Note that if you are continuing with Task 2, you may want to retain this dataset which you can write out as a csv
fwrite(data, here("data","QVI_data.csv"))
Data exploration is now complete!
Now that the data is ready for analysis, we can define some metrics of interest to the client:
We could also ask our data team for more information. Examples are:
Let’s start with calculating total sales by LIFESTAGE and PREMIUM_CUSTOMER and plotting the split by these segments to describe which customer segment contributes most to chip sales.
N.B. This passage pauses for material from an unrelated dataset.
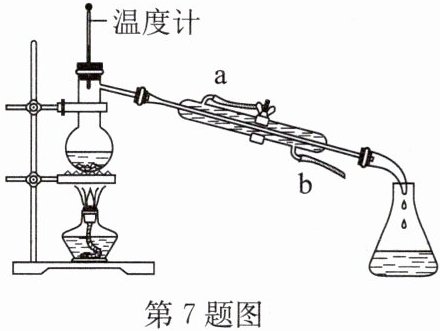 7. B (2024秋·盐山县校级月考)如图所示是实验室制取蒸馏水的装置,连接好装置,使各连接部位严密不漏气,在蒸馏烧瓶中加入几粒碎瓷片,再加入约$\frac {1}{3}$体积的自来水,加热烧瓶。下列有关实验的说法错误的是 (

#### calculate Total sales by LIFESTAGE and PREMIUM_CUSTOMER and create a plot
sales <- data[, .(SALES = sum(TOT_SALES)), .(LIFESTAGE, PREMIUM_CUSTOMER)]
#### Create plot
p <- ggplot(data = sales) +
# weight = SALES means that the size or area of each mosaic tile will be proportional to the corresponding sales value.
# product() is used to create a combined factor variable that represents different combinations of PREMIUM_CUSTOMER and LIFESTAGE
geom_mosaic(aes(weight = SALES, x = product(PREMIUM_CUSTOMER, LIFESTAGE), fill = PREMIUM_CUSTOMER)) +
labs(x = "Lifestage", y = "Premium customer flag", title = "Proportion of sales") +
theme(axis.text.x = element_text(angle = 45, hjust = 1))
# The labels are generated by calculating the proportion of each tile's weight (SALES)
# relative to the sum of all weights in the plot.
p + geom_text(data = ggplot_build(p)$data[[1]],
# ggplot_build(p)$data is a list of layers that contains the data used to create the layers in a ggplot object p.
aes(x = (xmin + xmax)/2 , # this is to position the text
y = (ymin + ymax)/2, # in the middle of each tile
label = as.character(paste(round(.wt/sum(.wt),3)*100, '%'))))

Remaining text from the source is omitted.